Hall D A, Hourani S M
Receptors and Cellular Regulation Research Group, School of Biological Sciences, University of Surrey, Guildford, U.K.
Biochem Pharmacol. 1994 Mar 15;47(6):1013-8. doi: 10.1016/0006-2952(94)90412-x.
The effects of the P2-purinoceptor antagonist, suramin, on ADP-induced increases in human platelet cytosolic calcium concentration ([Ca2+]i) and inhibition of prostaglandin E1 (PGE1)-stimulated adenylate cyclase activity were investigated. Suramin (50-200 microM) acted as an antagonist of ADP-induced increases in [Ca2+]i, causing parallel, rightward shifts of the log concentration-response curve to ADP with no apparent depression of the maximal response. However, the slope of the Schild plot was 2.3 +/- 0.3, similar to that obtained in previous studies on aggregation, indicating that the antagonism was not simply competitive. The apparent pA2 for suramin, taken from the Schild plot, was 4.63, similar to that for suramin's inhibition of aggregation, which suggests that these two effects are closely related. Suramin was not specific for the ADP receptor, however, as it was also able to inhibit, non-competitively, increases in [Ca2+]i induced by 5-hydroxytryptamine. Suramin (50-400 microM) also inhibited the effect of ADP on PGE1-stimulated accumulation of cyclic AMP, causing parallel shifts of the log concentration-response curve to ADP, with a Schild plot slope of 1.00 +/- 0.10, suggesting competitive antagonism, and a pA2 value of 5.09. Suramin (400 microM) did not reduce the inhibition of cyclic AMP accumulation by adrenaline, although it was able to inhibit the accumulation of cyclic AMP caused by PGE1, again showing that suramin has some non-specific effects. These data suggest that suramin is an antagonist at the platelet ADP receptor mediating increases in [Ca2+]i and inhibition of adenylate cyclase, but that it also shows non-specific effects and can depress platelet responses to other agonists.
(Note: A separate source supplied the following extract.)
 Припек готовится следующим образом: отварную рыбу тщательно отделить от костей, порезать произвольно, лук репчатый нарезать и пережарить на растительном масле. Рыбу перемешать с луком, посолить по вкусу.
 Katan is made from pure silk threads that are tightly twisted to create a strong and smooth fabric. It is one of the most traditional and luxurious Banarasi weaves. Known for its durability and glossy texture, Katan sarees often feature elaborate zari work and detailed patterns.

In addition, the similar pA2 value of suramin for the two effects of ADP does not support suggestion that they are mediated by two different receptors on human platelets.
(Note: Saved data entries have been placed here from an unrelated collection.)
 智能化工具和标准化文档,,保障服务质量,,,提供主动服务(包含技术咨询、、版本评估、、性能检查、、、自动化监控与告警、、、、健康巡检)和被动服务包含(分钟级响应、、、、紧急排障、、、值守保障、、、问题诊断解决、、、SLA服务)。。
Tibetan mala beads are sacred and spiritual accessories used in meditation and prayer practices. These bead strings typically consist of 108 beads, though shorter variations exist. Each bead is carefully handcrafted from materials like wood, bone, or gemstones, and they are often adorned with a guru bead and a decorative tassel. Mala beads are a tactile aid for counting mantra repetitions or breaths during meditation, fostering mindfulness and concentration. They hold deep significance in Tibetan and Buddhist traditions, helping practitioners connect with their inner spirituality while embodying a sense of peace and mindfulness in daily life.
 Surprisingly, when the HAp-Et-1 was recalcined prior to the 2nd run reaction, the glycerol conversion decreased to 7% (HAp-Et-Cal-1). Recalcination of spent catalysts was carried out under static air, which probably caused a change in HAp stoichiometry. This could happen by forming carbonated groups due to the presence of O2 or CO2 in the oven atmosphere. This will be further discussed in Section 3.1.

研究了P2嘌呤受体拮抗剂苏拉明对ADP诱导的人血小板胞浆钙浓度([Ca2+]i)升高以及对前列腺素E1(PGE1)刺激的腺苷酸环化酶活性的抑制作用。苏拉明(50 - 200微摩尔)作为ADP诱导的[Ca2+]i升高的拮抗剂,使对数浓度 - 反应曲线向ADP平行右移,最大反应无明显降低。然而,Schild图的斜率为2.3±0.3,与先前关于聚集的研究结果相似,表明这种拮抗作用并非简单的竞争性。从Schild图得出的苏拉明的表观pA2为4.63,与苏拉明对聚集的抑制作用相似,这表明这两种效应密切相关。然而,苏拉明对ADP受体并不具有特异性,因为它也能够非竞争性地抑制5 - 羟色胺诱导的[Ca2+]i升高。苏拉明(50 - 400微摩尔)还抑制了ADP对PGE1刺激的环磷酸腺苷(cAMP)积累的作用,使对数浓度 - 反应曲线向ADP平行移动,Schild图斜率为1.00±0.10,提示竞争性拮抗作用,pA2值为5.09。苏拉明(400微摩尔)虽然能够抑制PGE1引起的cAMP积累,但并未降低肾上腺素对cAMP积累的抑制作用,再次表明苏拉明具有一些非特异性作用。这些数据表明,苏拉明是介导[Ca2+]i升高和腺苷酸环化酶抑制的血小板ADP受体拮抗剂,但它也表现出非特异性作用,并能抑制血小板对其他激动剂的反应。此外,苏拉明对ADP两种效应的相似pA2值不支持它们由人血小板上两种不同受体介导的观点。